When you first set up your Limited company you will usually need to put money into the company bank account to start trading before the cash rolls in from those initial sales.Where this money is accounted for is called the Directors Loan Account.
The basics
A limited company is a separate legal entity in its own right, and you shouldn’t be treating the company bank account as your own personal bank account. All the income from trading should flow in and the purchases in the course of trade should of course be paid out of here. In HMRC’s eyes all those purchases have to be “Necessary AND Wholly and Exclusively for the use of the Business”.
You wouldn’t believe the numbers of times since running my own business, that clients have told me, that a hotel bill in the middle of August for two weeks with spa treatments and children’s meals and drinks is for visiting a client. Or a trip to MacDonald’s is for travel and subsistence when visiting a client. However the receipt show 2 big mac’s and 3 children’s meals and drinks. HMRC would not wear either of these two scenarios on the rule above.
The facts
If you take MORE money out of a company than you have put in – and it isn’t salary or dividend – it’s called a director’s loan. Let’s recap……You and the company are totally separate. The company’s money is not your money! If your company makes a loan to any of its directors, then you must keep records of these director’s loans.
- A lot of people forget that each time they take money out of the ltd company bank account to pay for anything personal or just to put into your bank account (a bonus, undeclared “dividend” that the accountant will sort at the end of the year etc.) this may result in an overdrawn loan account.
- HMRC do not take to kindly to you having the benefit of an interest free loan from your company and unless you pay the money back (promptly) both you and the company will be penalised.
The Impact on you!
If you have a director’s loan account and the loan account balance is greater than £10,000 (you owe the company) at any time during the year HMRC will charge you tax on the benefit of having an interest free loan during the tax year! This benefit will need to be declared on a P11d. This figure was £5000 but was increased a couple of tax years ago.
HMRC will compute the interest based on what you would have paid had you had an equivalent loan from a third party. HMRC use their own interest rates which are published on their website. So for an overdrawn loan account of £10,000 for the whole of a financial year you would pay 3% interest as that is the current HMRC rate. For a list of all the rates directly from HMRC click here HMRC official rates for Beneficial Loans
So £10,000 * 3% =£300
This would need to be declared and paid on your self-assessment tax return.
The simplest way for you to avoid this charge is not to have your director’s loan account go overdrawn by more than £10,000 at any time during the tax year.

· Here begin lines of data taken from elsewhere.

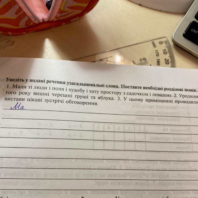 6. Уведіть у подані речення узагальнювальні слова. Поставте необхідні розділові знаки.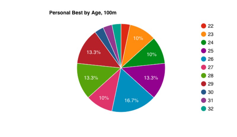 Με μια πιο προσεκτική ματιά στο γράφημα που ακολουθεί, γίνεται αντιληπτό το παραπάνω, αφού η πλειοψηφία των καλύτερων επιδόσεων στην αθλητική ζωή των σπρίντερ έρχονται μεταξύ των 23 και των 28 ετών. Από τα 24 ως τα 26 μάλιστα καταγράφονται τα σπουδαιότερα ρεκόρ σε σχέση με οποιαδήποτε άλλη τριετία.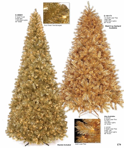9’ Gold Tinsel 7.5’ Gold Laser Tree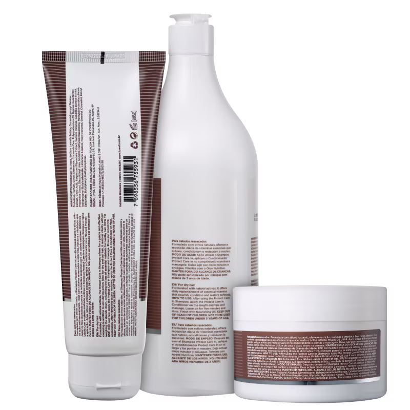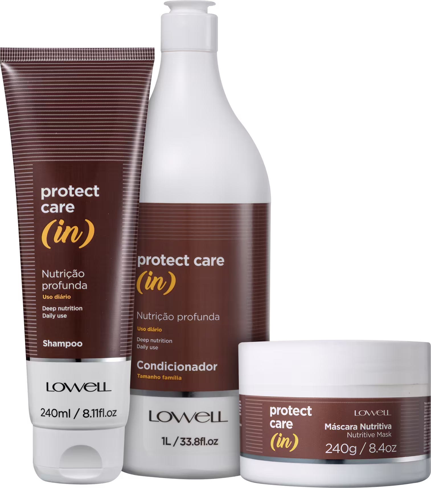 A linha Protect Care, da Lowell, é um tratamento de nutrição profunda para cabelos ressecados, com frizz e sem brilho. Com alta tecnologia, a fórmula oferece a reposição de óleos e vitaminas essenciais para maciez, controle de frizz, e toque acetinado.

The Impact on the Limited Company
HMRC will charge the company corporation tax at 32.5% on the balance of any director’s loan made to you which is still outstanding 9 months and one day after the end of the accounting period – this applies even if the loan is less than £10,000.
Let’s look at an example: –
Year end is 31st July. The company is owed by you £10,000 at year end and 9 months and 1 day later it is still outstanding i.e. 1st May.
The company will be taxed on £10,000 at 32.5% = £3,250.
This tax is repayable when you repay the loan to the company – but there could be a significant time lag before HMRC pays you back!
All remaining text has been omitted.